Isolation is a key challenge for large clusters. It is very important to ensure that abnormal traffic of service A does not affect service B. Otherwise, users may reject the large cluster mode. Ali HBase introduces the group concept, whose core concepts are shared storage and isolated computing

As shown in the preceding figure, a cluster is divided into multiple groups. Each group contains at least one server. A server can belong to only one group at a time, but servers can be moved between groups. A table can be deployed on only one group and can be moved to other groups. RegionServer that read and write data to table T1 and That read and write data to table T2 are completely isolated, so the CPU and memory are physically isolated. However, the HDFS file system used by the underlying layer is shared. Therefore, multiple services can share a large storage pool to improve storage utilization. The open source community introduced the RegionServerGroup on HBase2.0.
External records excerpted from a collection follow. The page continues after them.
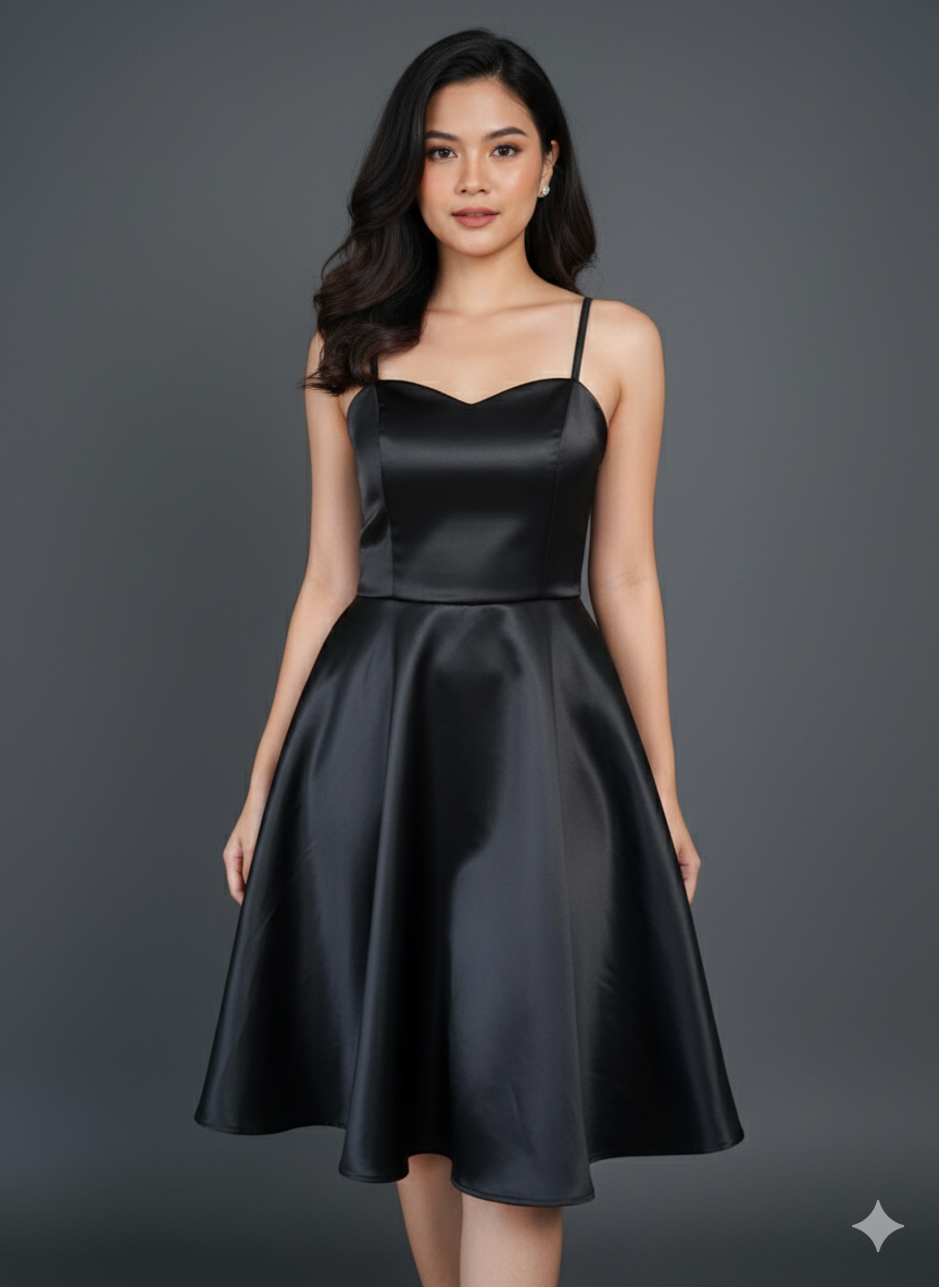 Inner Dress Satin Midi Length Black, Beige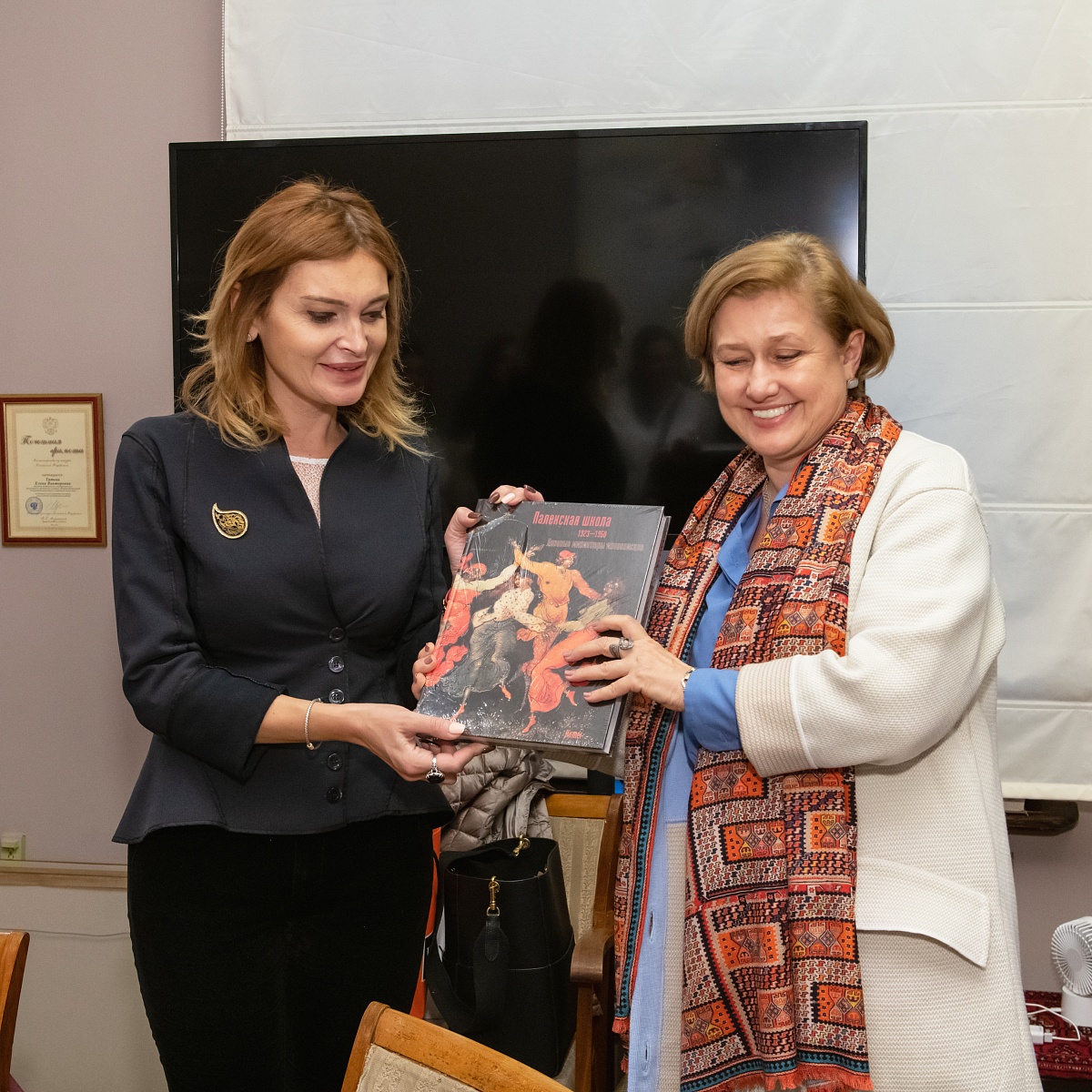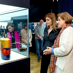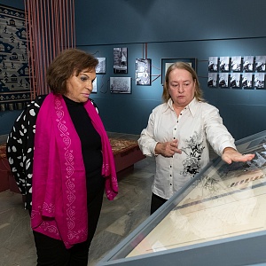 Директор Центра научной реставрации и консервации музейных ценностей и реликвий при Министерстве культуры Азербайджанской Республики Зарифа Меликова, директор Азербайджанского национального музея ковра Амина Меликова, специалисты по хранению, реставрации, образовательным программам познакомились с выставками «Ковёр историй. Сюжеты советского коврового искусства» и современной лаковой миниатюрой «Новые сказки».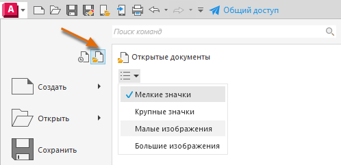 , а затем нажмите значок «Открытые документы».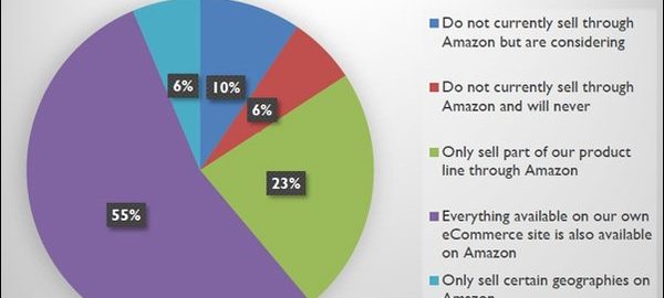 Some 55% of retailers said everything available on their own website is also available to purchase on Amazon, compared with 23% that said only part of their product line is sold through Amazon.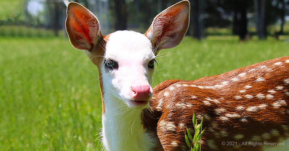 The fawn has albinism which results in a lack of pigments. He has blue eyes, pale skin, and a weak immune system. The Mother took this situation adversely and abandoned his baby.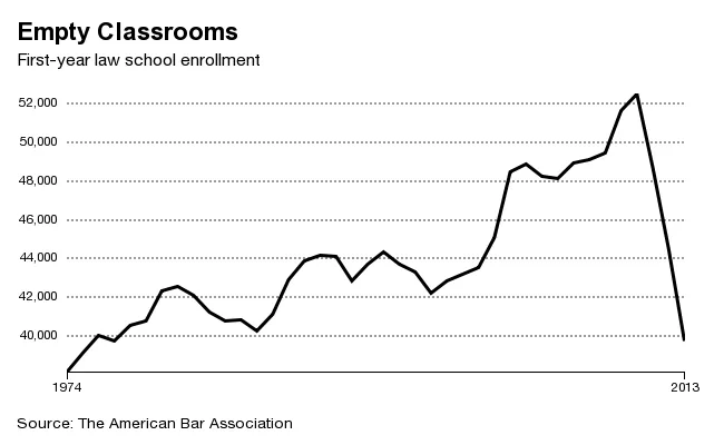 法学院的入学人数正在自由下滑,自2010年以来下降了24%。根据美国律师协会的数据,2013年,法学院的第一年入学人数降至36年来的最低点。上一次法学院教室如此稀疏是在1977年,当时美国只有163所法学院。现在有超过200所。这是令人压力重重的数学,一些专家认为,为了在法律职业兴趣减退的情况下填满他们的班级,法学院正在转向那些在LSAT考试中表现更差的人。

Impact of bad disk on shared storage: Due to the characteristics of HDFS mechanism, each Block is written to randomly select three nodes as pipelines. If a bad disk appears in a machine, the bad disk may appear in multiple pipelines, resulting in single point of failure global jitter. In the real scene is a bad plate, at the same time affecting dozens of customers to send information to call you! In particular, if a slow disk or bad disk is not handled in a timely manner, data writes may be blocked. At present, Alibaba HBase has more than 10,000 machines, and about 22 disk failures occur every week. We have done two things to solve this problem. The first is to shorten the impact time, monitor and alarm slow disks and bad disks, and provide an automatic processing platform. The second method is to avoid the impact of single point of failure on the system. When writing HDFS, write three copies concurrently. If two copies succeed, the two copies are considered successful. In addition, if the system finds a WAL exception (the number of copies is less than 3), it will automatically scroll to generate a new log file (re-select pipeline, most likely to avoid bad points). Finally, HDFS itself has the ability to identify bad disks and automatically cull them in advanced versions.

Impact of client connection on Zookeeper: WHEN a client accesses hbase, a long-term connection is established between Zookeeper and Hbase RegionServer. A large cluster means a large number of services and client links. If an exception occurs, too many client links affect the heartbeat communication between RegionServer and Zookeeper, causing the RegionServer to break down. We first limit the number of links to a single IP address, and then provide a solution to separate client and server links hbase-20159

MTTF&MTTR

Stability is the lifeline. With the development of Alibaba services, HBase supports more online scenarios and has higher requirements for stability year by year. Common measures of system reliability are MTTF (mean time to failure) and MTTR (Mean time to recovery)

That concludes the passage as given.